WORK TASK :: The material below is to be copied exactly from the line with "潘姥姥(用戶ID:19210" up to and including the line with "This ‘digital magazine", with nothing else kept and no pictures.
DATA PROVIDED START
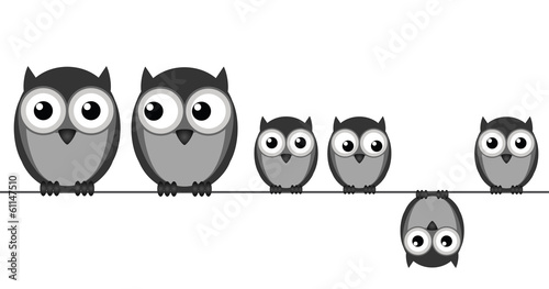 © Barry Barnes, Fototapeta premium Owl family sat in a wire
DATA PROVIDED END
DATA PROVIDED START
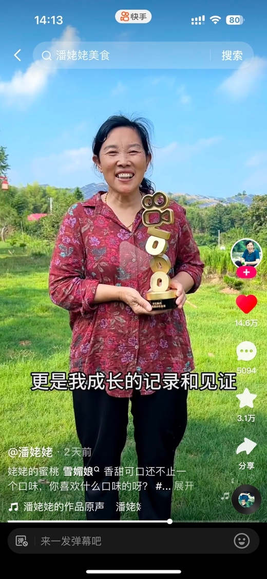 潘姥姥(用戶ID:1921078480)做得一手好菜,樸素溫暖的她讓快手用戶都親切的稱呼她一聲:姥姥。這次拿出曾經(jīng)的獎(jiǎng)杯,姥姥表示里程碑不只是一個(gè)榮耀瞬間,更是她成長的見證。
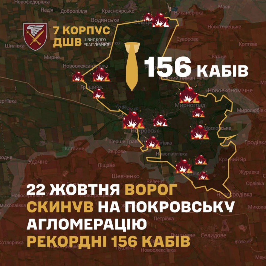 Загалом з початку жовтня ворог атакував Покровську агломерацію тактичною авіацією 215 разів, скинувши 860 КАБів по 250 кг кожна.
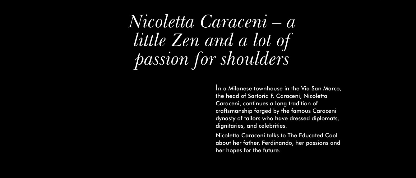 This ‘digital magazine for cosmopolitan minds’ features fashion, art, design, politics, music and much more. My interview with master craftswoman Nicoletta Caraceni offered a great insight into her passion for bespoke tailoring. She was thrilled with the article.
DATA PROVIDED END
SOLUTION FOR THIS TASK ::
 潘姥姥(用戶ID:1921078480)做得一手好菜,樸素溫暖的她讓快手用戶都親切的稱呼她一聲:姥姥。這次拿出曾經(jīng)的獎(jiǎng)杯,姥姥表示里程碑不只是一個(gè)榮耀瞬間,更是她成長的見證。
 Загалом з початку жовтня ворог атакував Покровську агломерацію тактичною авіацією 215 разів, скинувши 860 КАБів по 250 кг кожна.
 This ‘digital magazine for cosmopolitan minds’ features fashion, art, design, politics, music and much more. My interview with master craftswoman Nicoletta Caraceni offered a great insight into her passion for bespoke tailoring. She was thrilled with the article.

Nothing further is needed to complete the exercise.